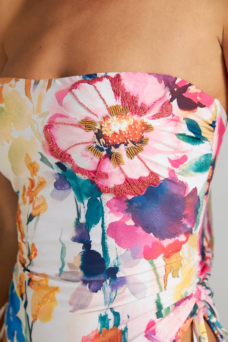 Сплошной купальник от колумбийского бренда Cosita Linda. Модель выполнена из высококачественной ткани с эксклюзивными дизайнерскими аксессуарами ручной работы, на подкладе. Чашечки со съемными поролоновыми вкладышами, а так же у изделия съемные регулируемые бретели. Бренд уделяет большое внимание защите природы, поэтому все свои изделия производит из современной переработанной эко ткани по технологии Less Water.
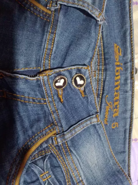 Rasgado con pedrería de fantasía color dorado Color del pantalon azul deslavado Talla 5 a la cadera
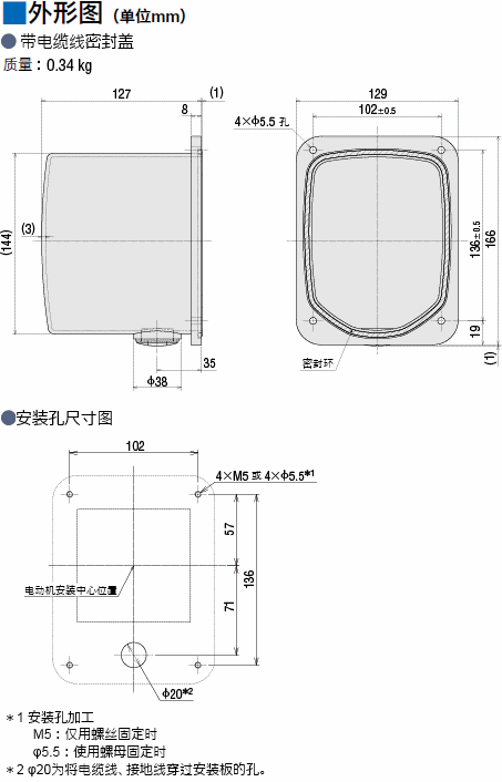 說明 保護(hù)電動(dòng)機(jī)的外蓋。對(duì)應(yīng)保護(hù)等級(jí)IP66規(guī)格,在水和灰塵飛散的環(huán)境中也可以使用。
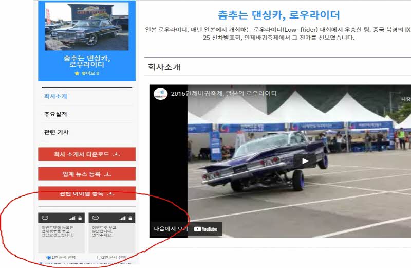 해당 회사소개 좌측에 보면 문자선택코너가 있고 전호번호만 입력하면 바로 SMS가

Exercise aim:
Could the data above be returned in full, exactly, with every image left out?

Task response:
 Сплошной купальник от колумбийского бренда Cosita Linda. Модель выполнена из высококачественной ткани с эксклюзивными дизайнерскими аксессуарами ручной работы, на подкладе. Чашечки со съемными поролоновыми вкладышами, а так же у изделия съемные регулируемые бретели. Бренд уделяет большое внимание защите природы, поэтому все свои изделия производит из современной переработанной эко ткани по технологии Less Water.
 Rasgado con pedrería de fantasía color dorado Color del pantalon azul deslavado Talla 5 a la cadera
 說明 保護(hù)電動(dòng)機(jī)的外蓋。對(duì)應(yīng)保護(hù)等級(jí)IP66規(guī)格,在水和灰塵飛散的環(huán)境中也可以使用。
 해당 회사소개 좌측에 보면 문자선택코너가 있고 전호번호만 입력하면 바로 SMS가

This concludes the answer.